Fig. 2 shows the relationship between the C content and the coercive force after induction of a plastic deformation of 2 to 3%. The graph was created from the data of Sample Nos. 6 and 7 plus Sample Nos. 2 and 13. The figure clearly shows that the upper limit of the C content is 0.007% by weight. The C content is particularly preferably 0.005% by weight or less, since the coercive force is then 50 A / m or less.

Fig. 3 shows the relationship between the N content and the coercive force after induction of a plastic deformation of 2 to 3%. The graph was created from the data of Samples Nos. 8-10 and Samples Nos. 2 and 13. The figure shows that the upper limit of the N content is 0.01% by weight. The N content is more preferably 0.007% by weight or less because then the coercive force is 40 A / m or less.

Sample Nos. 11 and 12 were examples showing that the addition of P the DC magnetization Characteristic after induction of plastic deformation not deteriorated by 2 to 3%.

Sample No. 15 was a comparative example in which a Pure iron was investigated, which is for the applications of the present invention conventionally in a wide range is used. The ferrite grain size was 0.1 mm, which is smaller than that of the present invention specified size, and the coercive force after induction a plastic deformation of 2 to 3% was essential worse than all examples of the present invention.

Samples Nos. 16 to 21 are used to examine the DC magnetization characteristics using a No. B steel with a thickness of 2 mm, whereby the grain size was changed. Fig. 4 summarizes the relationship between the average ferrite grain size and the coercive force after induction of plastic deformation of 2 to 3% in the examples. As shown by Sample Nos. 16 and 17, the favorable coercive force cannot be obtained after induction of plastic deformation of 2 to 3% even if the chemical composition specified by the present invention is satisfied as long as the medium one Ferrite size not reached 0.2 mm.

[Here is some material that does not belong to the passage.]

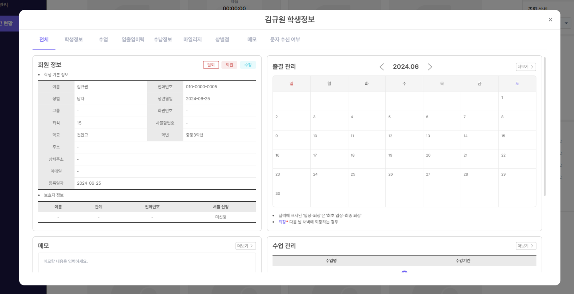 관리자페이지의 [학생] 메뉴에서 사용하던 학생 정보와 동일한 기능입니다.

In order to achieve an average ferrite size of 0.2 mm or more by heat treatment, a heating temperature of 850 ° C or more is required.

Table 1

Table 2

Claims (11)

1. Soft magnetic steel, consisting essentially of:
0.007 wt% or less C, 0.5 wt% or less Mn, 0.2 wt% or less P, 0.01 wt% or less S, 0.01 wt% or less N, 0.005% by weight or less O, at least one element selected from Si and soluble Al, and the balance Fe, the steel having the following relationships:
R (% by weight) = Si (% by weight) + 1.4 × soluble Al (% by weight), 0.5 (% by weight) ≦ R (% by weight) ≦ 3.5 (Wt .-%) and ferrite grains with an average grain size of at least 0.2 mm. 2. Soft magnetic steel according to claim 1, at which is the at least one element Si. 3. Soft magnetic steel according to claim 1, at which is at least one element Al. 4. Soft magnetic steel according to claim 1, at which is at least one element Al and Si.   5. Soft magnetic steel according to claim 1, at which the amount of C is 0.0005 to 0.007 wt .-%. 6. Soft magnetic steel according to claim 1, at which the N amount is 0.0005 to 0.01 wt .-%. 7. Soft magnetic steel according to claim 1, at which the Mn amount is 0.01 to 0.5 wt .-%. 8. Soft magnetic steel according to claim 1, at which the R value (wt .-%) is 0.5 to 2.5 wt .-%. 9. A method for producing a soft magnetic steel, comprising the following steps:
Production of a steel product consisting essentially of 0.007% by weight or less C, 0.5% by weight or less Mn, 0.2% by weight or less P, 0.01% by weight or less S, 0.01% by weight or less N, 0.005% by weight or less O, at least one element selected from Si and soluble Al, and the balance Fe, the steel product fulfilling the following relationships:
R (% by weight) = Si (% by weight) + 1.4 × soluble Al (% by weight), 0.5 (% by weight) ≦ R (% by weight) ≦ 3.5 (% By weight), and heat treating the steel product at a temperature of 850 to 1300 ° C, thereby producing ferrite grains with an average grain size of at least 0.2 mm. 10. The method according to claim 9, wherein the Steel product a steel plate, a steel rod, a shaped one Is steel or a steel wire. 11. The method according to claim 9, characterized characterized in that the heat treatment at a temperature of 950 to 1300 ° C is carried out.